2006年08月30日 01時08分14秒 | イノセントチャイルド(原稿用紙30枚)
 結論からいうと―
 ユウは幽霊なんかじゃなかった。
 ユウの正体はお隣の斎藤さんちのイサム君だった。
 どうやら「勇気のユウでイサム」と紹介されたのをミカのお母さんが勘違いして覚えていたらしい。斉藤さんは勇君を保育所に入れるつもりなのだが、現在空きがなく、今はミカのお母さんにお金を払って面倒をみてもらっているそうだ。
 勇君は普通の子より小柄なので実年齢よりも小さくみられるらしい。言葉も遅く、まだ数語しか話せないそうだ。
 そして顔もかわいらしいのでいつも女の子に間違われているらしい。池田さんが勇君の名前を言わなかったのは、私が「女の子の名前」を聞いたからだ。池田さんにとって勇君は孫なのだから当然男の子であることなど百も承知なわけだ。
 うちの庭に突然現れて消えた理由もわかった。

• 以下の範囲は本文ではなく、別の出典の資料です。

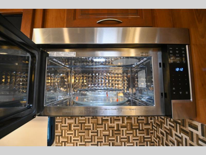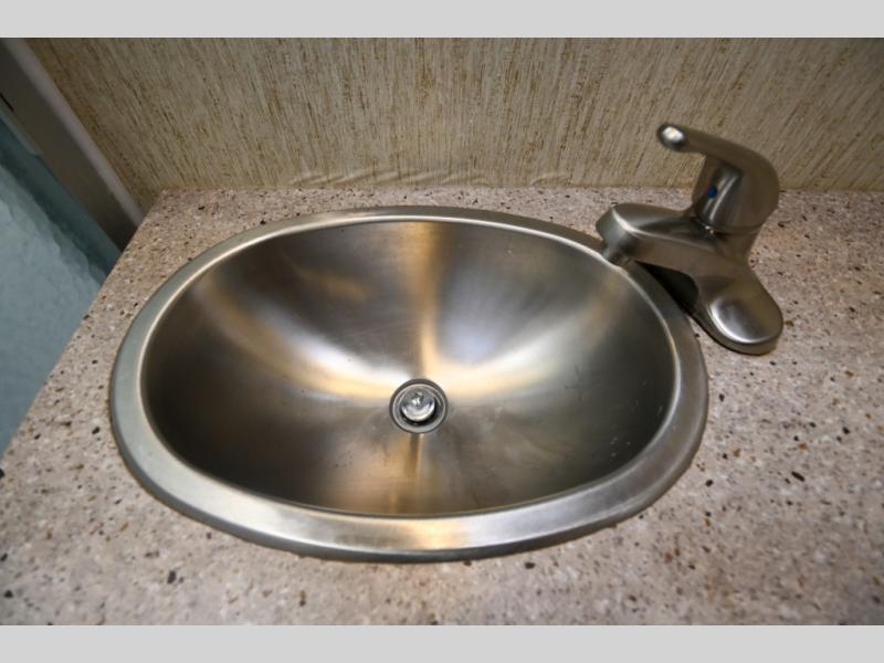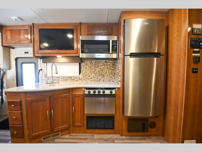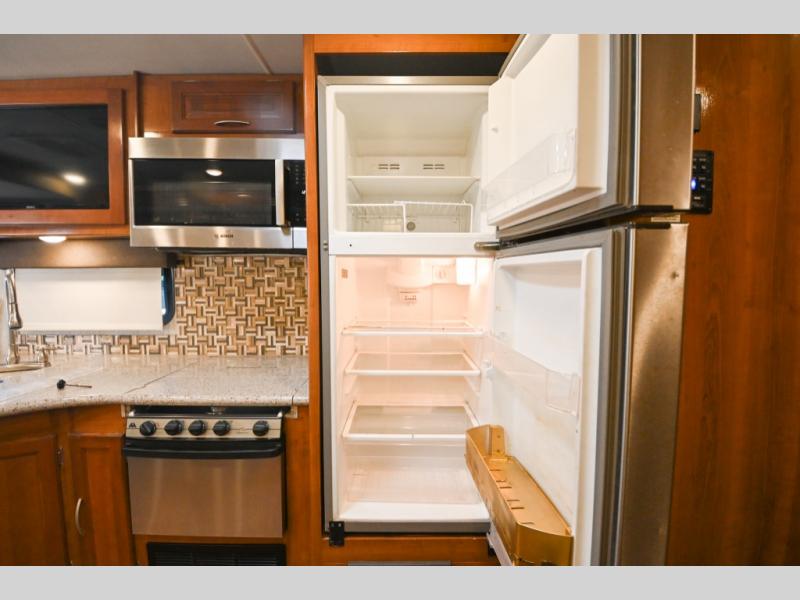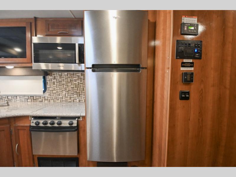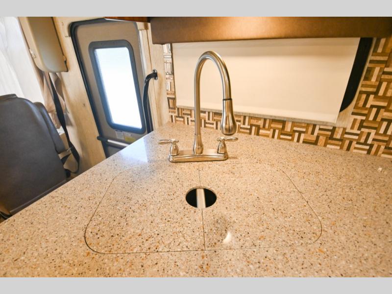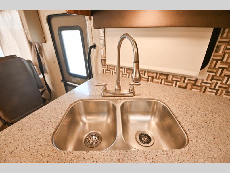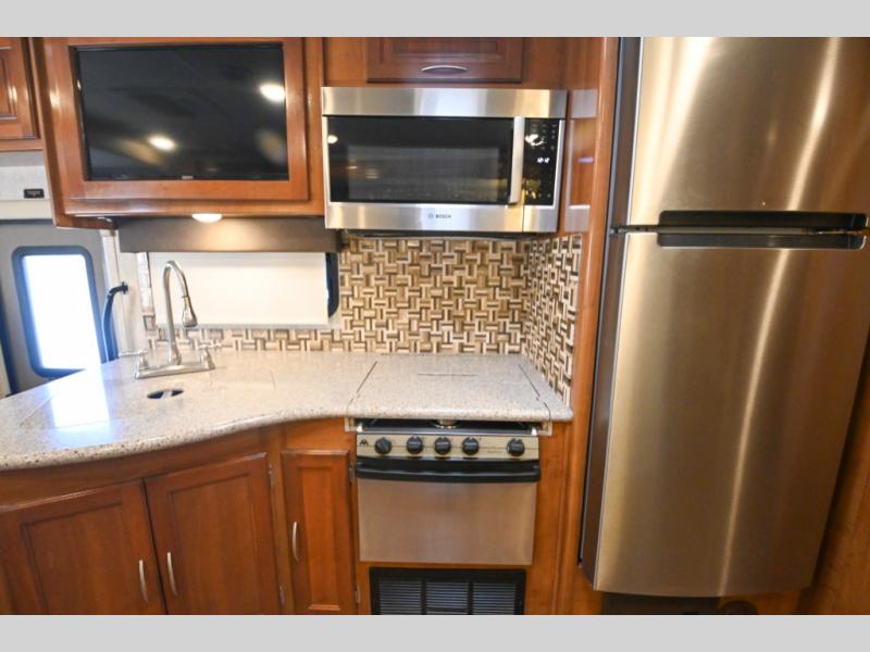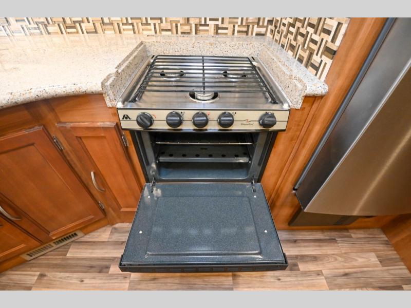 Enter behind the passenger seat and notice the kitchen area to your left. There is a double sink, some counter space, three burner range, and a refrigerator for your perishables. You will also find ample storage in the overhead cabinets, plus in the lower cupboards and drawers too. The TV location is above the sink area which can easily be viewed from the seating in the slide opposite.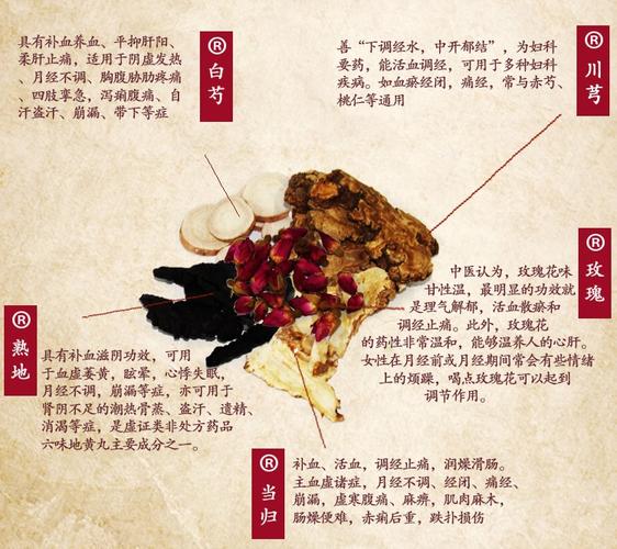 玫瑰花适量,当归三两、白芍五两、熟地二两、川穹一两、红枣二两。

お隣との境目の垣根に小さな子供であれば通り抜けられる隙間があったのだ。
 全ての謎があっさり解けてしまった。なんとも間抜けな勘違いだった。
 でも、大切なことがわかった。
「ショーコちゃん着いたよー。降りるよー」
 ミカが先頭をきって電車から飛び降りた。サユリとマユリも奇声をあげながらそれに続く。
「子犬ってこのくらいかなあ?」
「楽しみだねー」
 出発したときから三人は飽きずに繰り返し同じ話をしている。
 昨日の母からの電話にでたところ、飼い犬が子犬を産んだというので、冬休みに入ったサユリ・マユリ・ミカをつれて実家に遊びにいくことにしたのだ。三ヶ月ぶりの帰省である。自分一人で帰るのは何となくバツが悪いので、子犬をだしに子供達についてきてもらうことにした、というのが本当のところだ。勇君は母親の仕事が休みなので一緒ではない。
「誠実に生きること」
と、池田さんは言っていた。
 逃げていてはいけない、と思った。母からも、自分がしてしまったことからも、自分がされたことからも、これからの自分からも。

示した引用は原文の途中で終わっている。